(Work to complete) Repeat the listing that follows character for character, omitting images.

(The data)
-=-=-

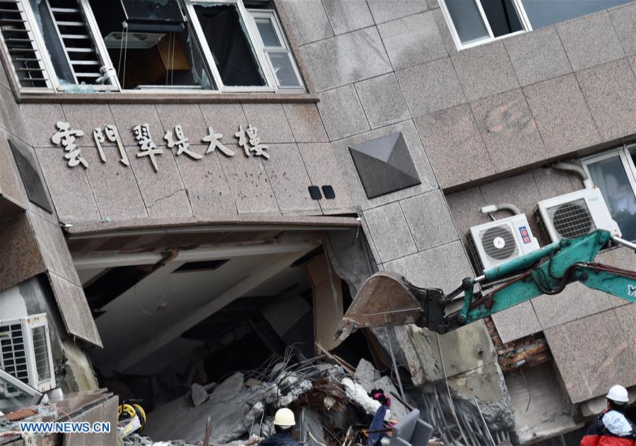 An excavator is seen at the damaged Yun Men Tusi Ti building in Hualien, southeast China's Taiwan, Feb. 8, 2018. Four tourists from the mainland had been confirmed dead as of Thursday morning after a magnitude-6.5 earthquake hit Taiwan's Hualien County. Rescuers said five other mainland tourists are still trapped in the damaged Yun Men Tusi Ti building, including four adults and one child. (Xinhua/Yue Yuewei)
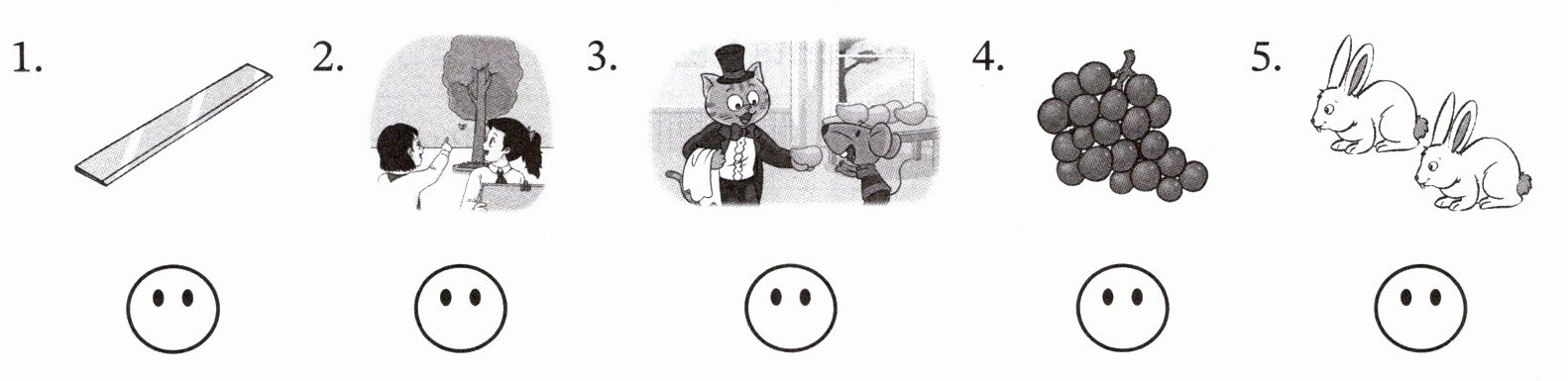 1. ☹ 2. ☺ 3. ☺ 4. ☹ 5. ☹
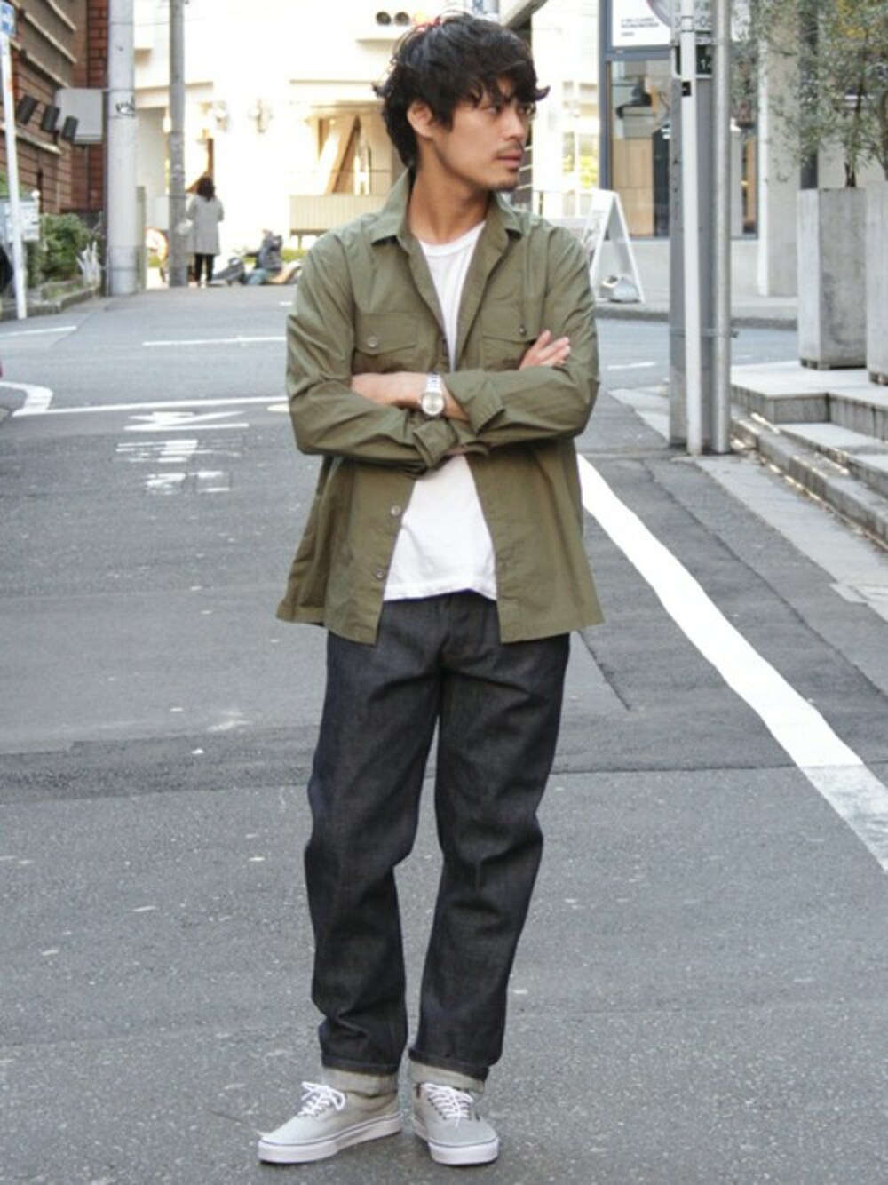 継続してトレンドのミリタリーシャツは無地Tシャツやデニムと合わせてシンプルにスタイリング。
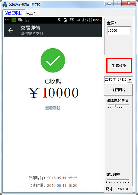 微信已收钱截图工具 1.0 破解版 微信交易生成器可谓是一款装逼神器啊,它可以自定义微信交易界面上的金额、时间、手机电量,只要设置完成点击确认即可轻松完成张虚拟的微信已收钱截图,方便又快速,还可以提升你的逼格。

-=-=-

(Solution for this exercise)
 An excavator is seen at the damaged Yun Men Tusi Ti building in Hualien, southeast China's Taiwan, Feb. 8, 2018. Four tourists from the mainland had been confirmed dead as of Thursday morning after a magnitude-6.5 earthquake hit Taiwan's Hualien County. Rescuers said five other mainland tourists are still trapped in the damaged Yun Men Tusi Ti building, including four adults and one child. (Xinhua/Yue Yuewei)
 1. ☹ 2. ☺ 3. ☺ 4. ☹ 5. ☹
 継続してトレンドのミリタリーシャツは無地Tシャツやデニムと合わせてシンプルにスタイリング。
 微信已收钱截图工具 1.0 破解版 微信交易生成器可谓是一款装逼神器啊,它可以自定义微信交易界面上的金额、时间、手机电量,只要设置完成点击确认即可轻松完成张虚拟的微信已收钱截图,方便又快速,还可以提升你的逼格。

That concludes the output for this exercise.